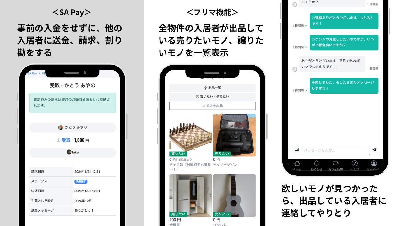 決済機能:入金不要で割り勘や送金が簡単にできる「SA PAY」や入居者間で物品のやり取りができる「フリマ」を搭載
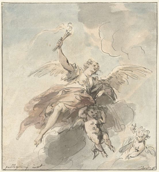 Editor: This is Gaspare Diziani’s "The Fall of Phaeton," created between 1745 and 1750 using pen, ink, and wash. The dynamism really strikes me. The figures seem caught mid-motion in a chaotic descent. What do you see in the composition of this work? Curator: The energy is palpable, isn't it? Diziani masterfully employs diagonal lines to enhance the feeling of collapse. Observe how Phaeton and his chariot, along with the panicked horses, dominate the upper left quadrant, pulling our gaze downwards. Note also how the foreshortening amplifies the depth of the picture plane. Editor: So the formal arrangement mirrors the narrative of the fall? It’s interesting how the use of line seems almost scribbled and rapid. Is that typical of Diziani's drawings? Curator: Precisely. It is a common trait in his work. The lines delineate form but also generate movement and texture. The artist doesn't pursue photographic accuracy; instead, line and shadow create dramatic emotional impact. Editor: The tonal range seems limited. How does that choice impact the work? Curator: Restricting the palette focuses attention on the interplay between light and shadow, enhancing the drama. It underscores the inherent tension within the scene itself. Consider, for instance, the figures in the lower right. The careful arrangement creates emotional response in us as we witness Phaeton's tragedy unfold before us, a grand narrative in a limited chromatic spectrum. Editor: I see. The limited palette isn’t a limitation, but rather a powerful choice to heighten the emotional intensity. Thanks! Curator: Indeed. And thinking about the artwork using purely formal analysis enriches our understanding of its subject.
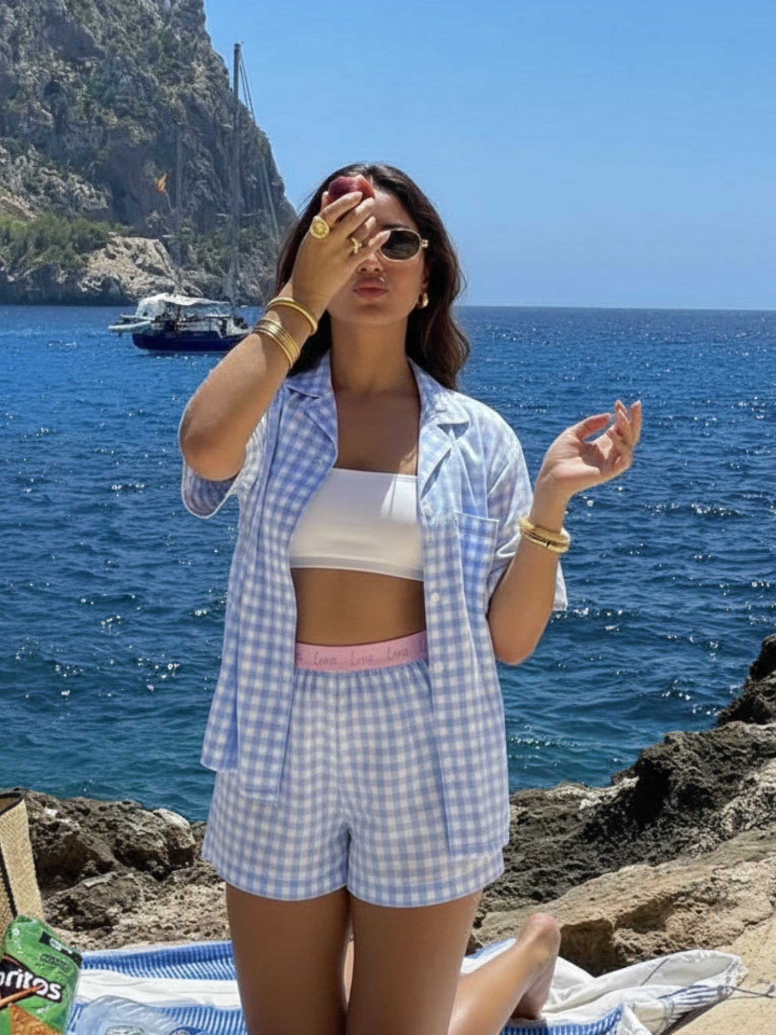 - Matching gingham shorts with elastic waist for easy, comfortable fit
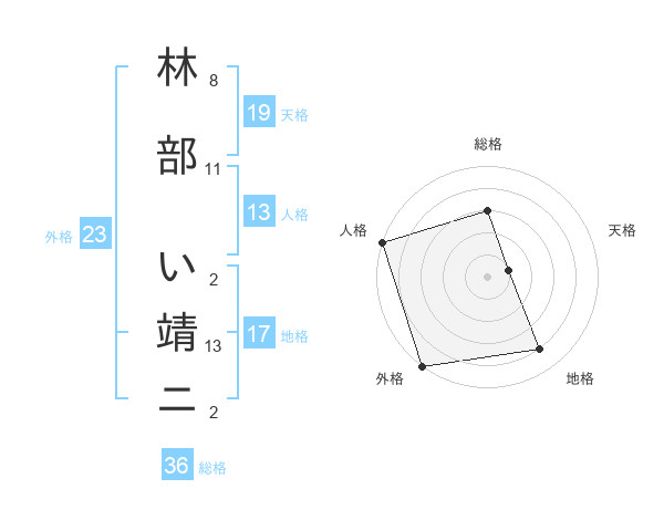 林部 い靖ニさんを姓名の画数から五運を鑑定
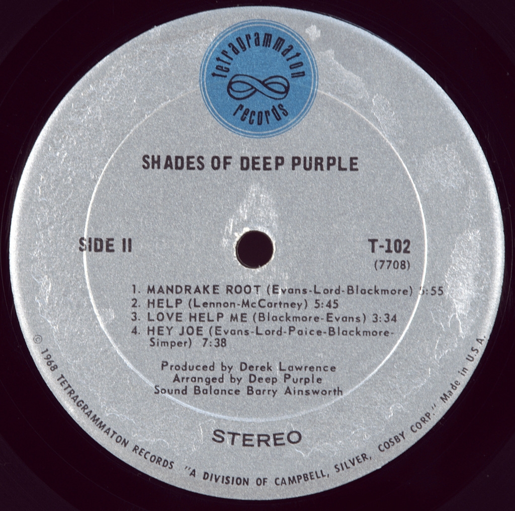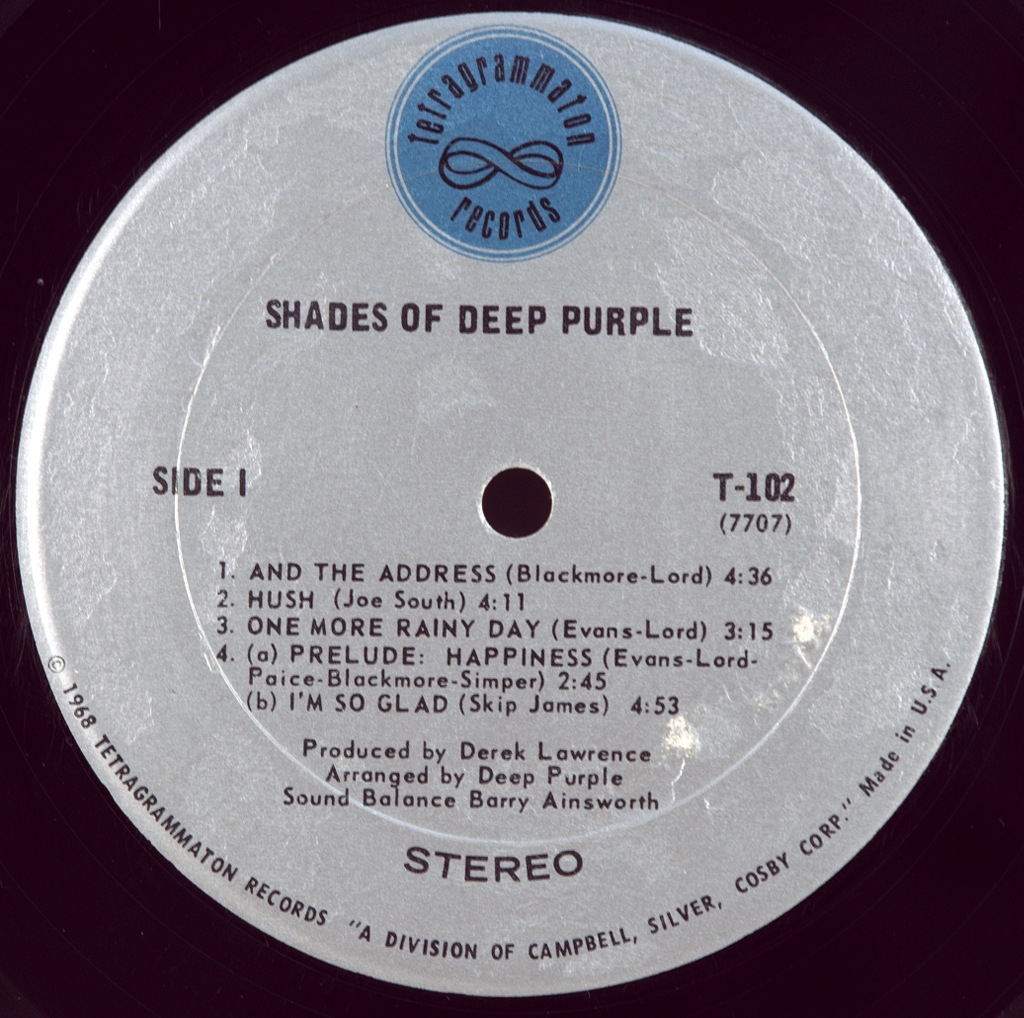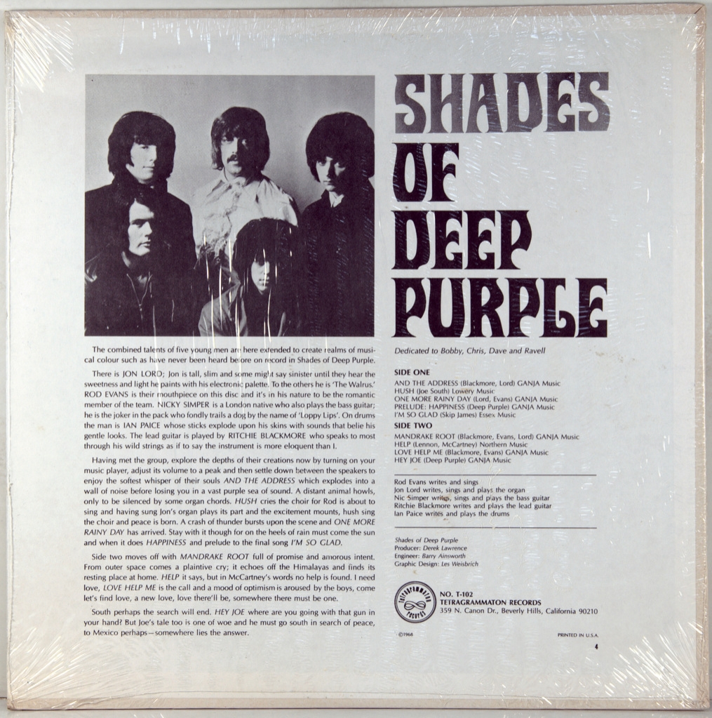DEEP PURPLE-SHADES OF DEEP PURPLE-1968-ПЕРВЫЙ ПРЕСС USA-TETRAGRAMMATON- T-102, Shades of Deep Purple — дебютный альбом английской рок-группы Deep Purple, выпущенный в июле 1968 года на лейбле Tetragrammaton в США и в сентябре 1968 года на лейбле Parlophone в Великобритании. Группа, изначально называвшаяся Roundabout, была идеей бывшего барабанщика SearchersКриса Кёртиса, который пригласил в группу Джона Лорда и Ричи Блэкмора, прежде чем покинуть проект. В марте 1968 года состав группы пополнился вокалистом и фронтменом Родом Эвансом, а также басистом Ником Симпером и барабанщиком Иэном Пейсом. После двух месяцев репетиций альбом Shades of Deep Purple был записан всего за три дня в мае 1968 года. Он содержит четыре оригинальные песни и четыре кавер-версии, тщательно аранжированные с добавлением классических интерлюдий, чтобы звучание было более психоделическим. Стилистически музыка близка к психоделическому року и прогрессивному року — двум жанрам, аудитория которых постоянно росла в конце 1960-х. Альбом не получил широкого признания в Великобритании, где было продано очень мало копий и он не попал в чарты. С другой стороны, в США он имел успех, а сингл "Hush", энергичный рок-трек, написанный Джо Саутом и изначально записанный Билли Джо Роялом, стал очень популярным в то время и занял 4-е место в американском чарте Billboard Hot 100
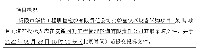 項(xiàng)目名稱(chēng):銅陵市華信工程質(zhì)量檢驗(yàn)有限責(zé)任公司實(shí)驗(yàn)室儀器設(shè)備采購(gòu)項(xiàng)目
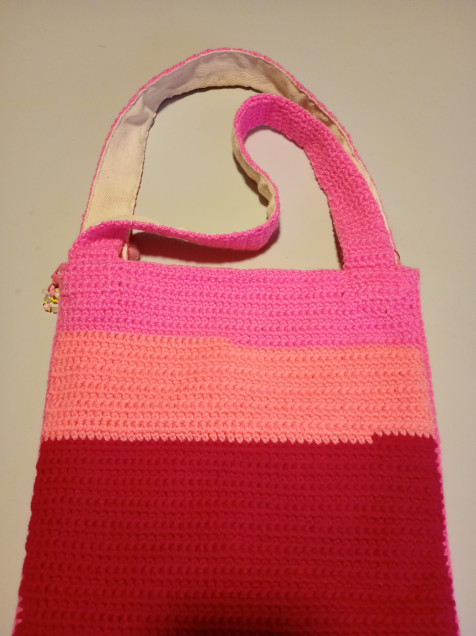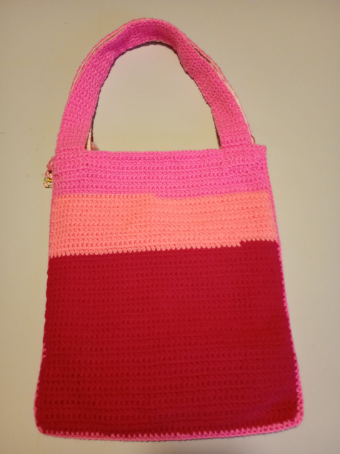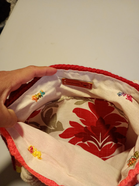 Tejido con patrón con flores en relieve. Completamente forrada y con bolsillo interior. Asas reforzadas para mayor resistencia, de 57cm. Mide 28cm de ancho por 34cm de alto. Se envía con cubre polvo y llavero de colguijes.
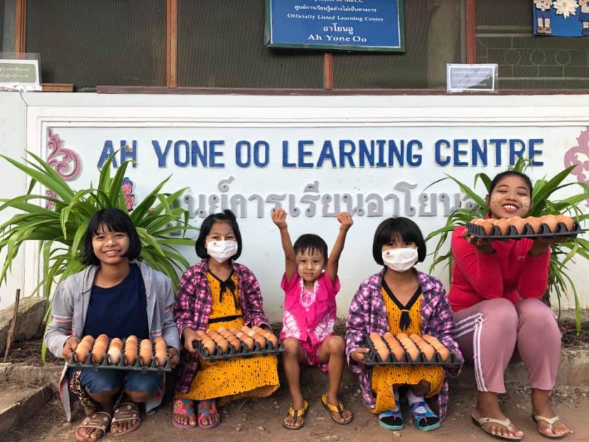 โครงการเลี้ยงไก่ไข่ฯ ในศูนย์การเรียนรู้อา โยน อู ตั้งอยู่ที่หมู่ 10 ต.แม่ปะ อ.แม่สอด จ.ตาก ติดกับชายแดนเมียวดี เมียนมา ศูนย์การเรียนรู้แห่งนี้ ก่อตั้งเมื่อเดือนพฤษภาคม ปี 2548 จนถึงปัจจุบันเข้าสู่ปีที่ 16 แล้ว ศูนย์การเรียนรู้ของเด็กต่างด้าว มีนักเรียน 110 คน ครู 7 คน ทั้งหมดเป็นสัญชาติเมียนมา เปิดการเรียนการสอนตั้งแต่ศูนย์เด็กเล็กจนถึงชั้น ป.7 (Grade 1-7) ใช้หลักสูตรของเมียนมาในการเรียนการสอน มีวิชาภาษาไทยเข้าไปเสริมและหลักสูตรการศึกษานอกระบบ (กศน.) โดยมีนักเรียนที่ศึกษาในระบบ กศน. 7 คน
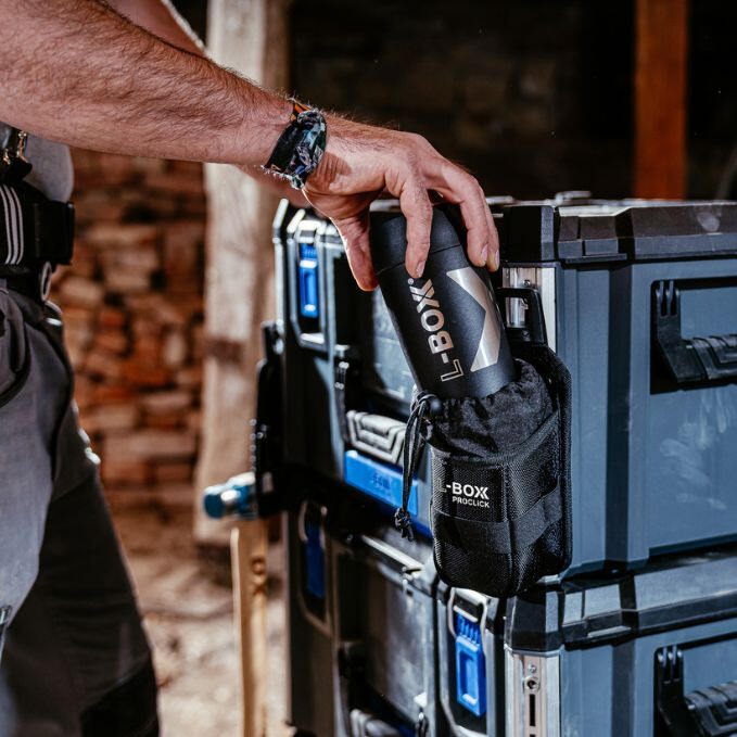 The mug holder clicks securely into place on your ProClick tool belt or the rugged rails of the L-BOXX Contractor. No searching, no improvising, no thirst - just instant access, wherever you are.

_THE TASK_: Find the line with "- Matching gingham" and the line with "DEEP PURPLE-SHADES OF" in the records above. Copy both and all lines between them exactly, without pictures.

_ANSWER AREA_:
 - Matching gingham shorts with elastic waist for easy, comfortable fit
 林部 い靖ニさんを姓名の画数から五運を鑑定
DEEP PURPLE-SHADES OF DEEP PURPLE-1968-ПЕРВЫЙ ПРЕСС USA-TETRAGRAMMATON- T-102, Shades of Deep Purple — дебютный альбом английской рок-группы Deep Purple, выпущенный в июле 1968 года на лейбле Tetragrammaton в США и в сентябре 1968 года на лейбле Parlophone в Великобритании. Группа, изначально называвшаяся Roundabout, была идеей бывшего барабанщика SearchersКриса Кёртиса, который пригласил в группу Джона Лорда и Ричи Блэкмора, прежде чем покинуть проект. В марте 1968 года состав группы пополнился вокалистом и фронтменом Родом Эвансом, а также басистом Ником Симпером и барабанщиком Иэном Пейсом. После двух месяцев репетиций альбом Shades of Deep Purple был записан всего за три дня в мае 1968 года. Он содержит четыре оригинальные песни и четыре кавер-версии, тщательно аранжированные с добавлением классических интерлюдий, чтобы звучание было более психоделическим. Стилистически музыка близка к психоделическому року и прогрессивному року — двум жанрам, аудитория которых постоянно росла в конце 1960-х. Альбом не получил широкого признания в Великобритании, где было продано очень мало копий и он не попал в чарты. С другой стороны, в США он имел успех, а сингл "Hush", энергичный рок-трек, написанный Джо Саутом и изначально записанный Билли Джо Роялом, стал очень популярным в то время и занял 4-е место в американском чарте Billboard Hot 100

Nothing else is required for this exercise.